# [INFORMATION SHOWN]
=== Section Start ===

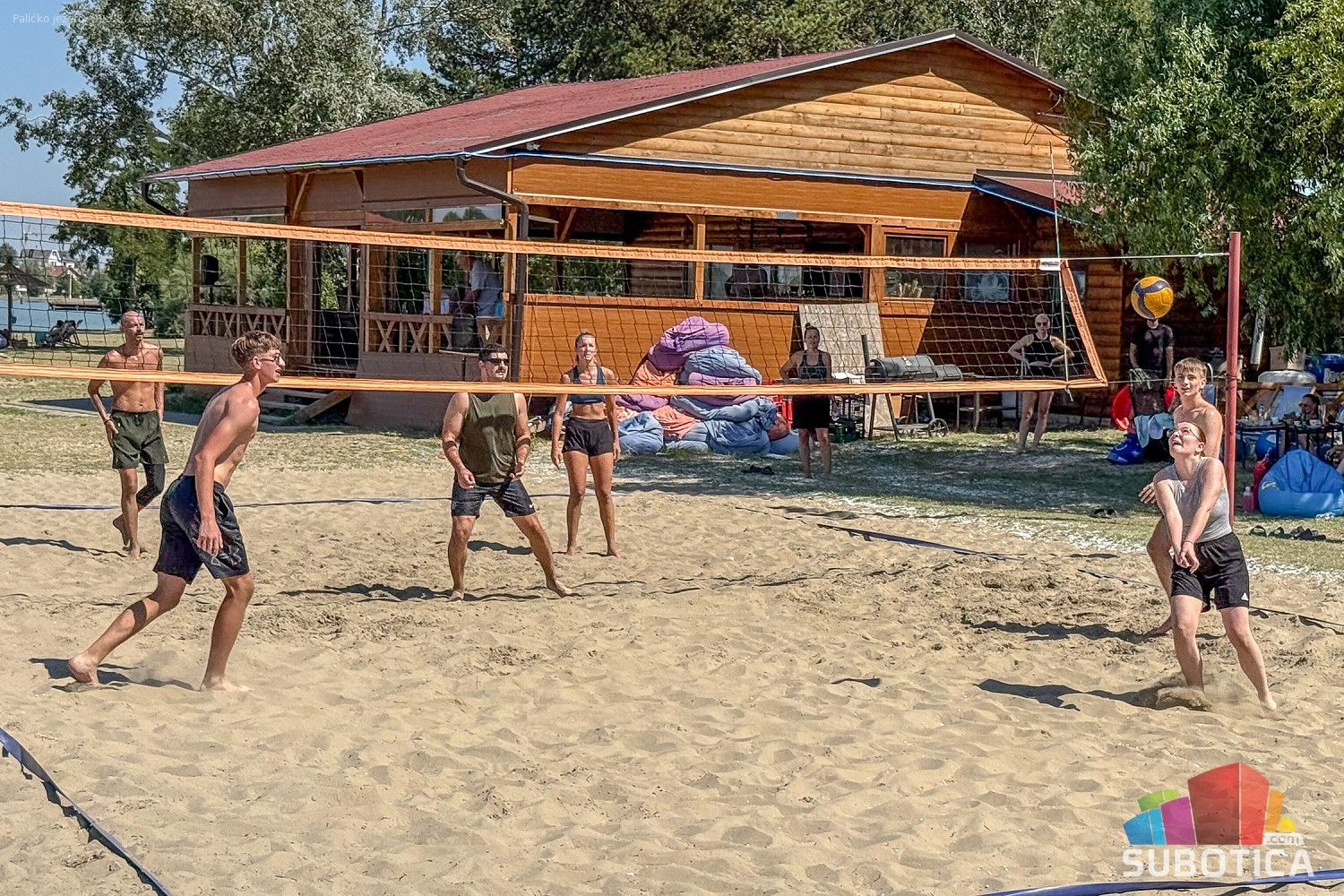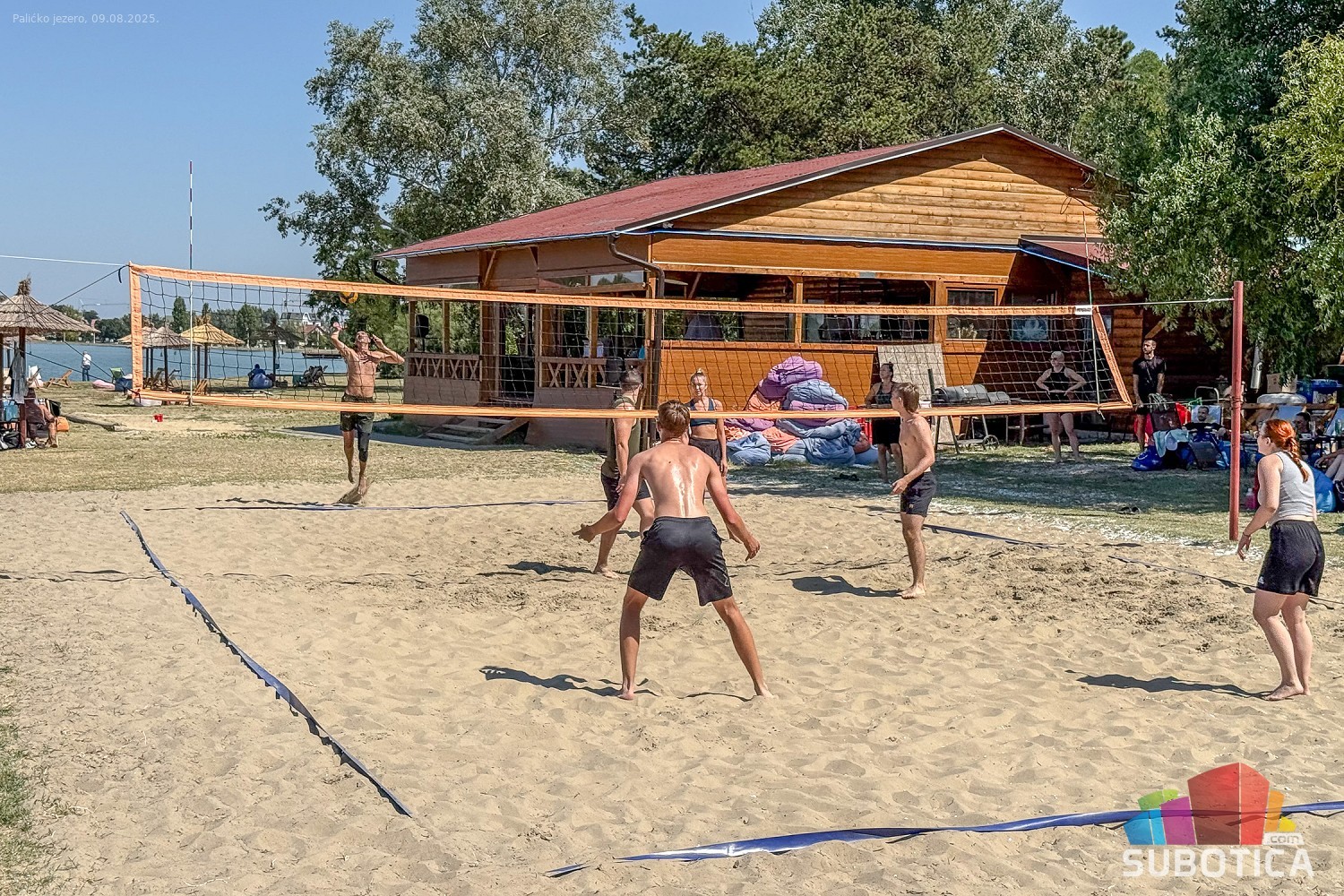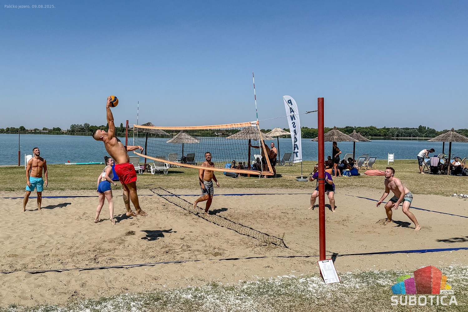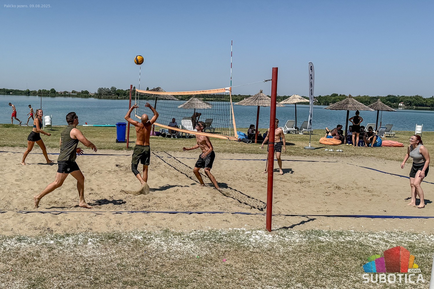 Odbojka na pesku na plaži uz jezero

=== Section End ===
=== Section Start ===

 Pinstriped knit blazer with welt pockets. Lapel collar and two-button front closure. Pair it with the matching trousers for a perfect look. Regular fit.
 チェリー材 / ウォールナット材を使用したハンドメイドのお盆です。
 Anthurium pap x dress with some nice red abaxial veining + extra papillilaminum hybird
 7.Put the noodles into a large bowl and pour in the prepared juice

=== Section End ===
=== Section Start ===

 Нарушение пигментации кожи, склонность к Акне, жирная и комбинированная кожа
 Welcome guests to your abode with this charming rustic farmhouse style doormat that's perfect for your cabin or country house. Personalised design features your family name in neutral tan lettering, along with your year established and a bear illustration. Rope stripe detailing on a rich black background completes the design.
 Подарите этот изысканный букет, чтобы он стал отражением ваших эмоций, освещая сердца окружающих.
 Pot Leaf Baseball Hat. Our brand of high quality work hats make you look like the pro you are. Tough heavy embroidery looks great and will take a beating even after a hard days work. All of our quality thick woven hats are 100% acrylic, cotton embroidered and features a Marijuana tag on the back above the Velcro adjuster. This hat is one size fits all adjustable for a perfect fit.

=== Section End ===

# [EXERCISE GOAL]
Repeat, exactly as they stand above, the lines from the line with "Welcome guests to" to the line with "Pot Leaf Baseball", both lines included.

# [TASK RESULT]
 Welcome guests to your abode with this charming rustic farmhouse style doormat that's perfect for your cabin or country house. Personalised design features your family name in neutral tan lettering, along with your year established and a bear illustration. Rope stripe detailing on a rich black background completes the design.
 Подарите этот изысканный букет, чтобы он стал отражением ваших эмоций, освещая сердца окружающих.
 Pot Leaf Baseball Hat. Our brand of high quality work hats make you look like the pro you are. Tough heavy embroidery looks great and will take a beating even after a hard days work. All of our quality thick woven hats are 100% acrylic, cotton embroidered and features a Marijuana tag on the back above the Velcro adjuster. This hat is one size fits all adjustable for a perfect fit.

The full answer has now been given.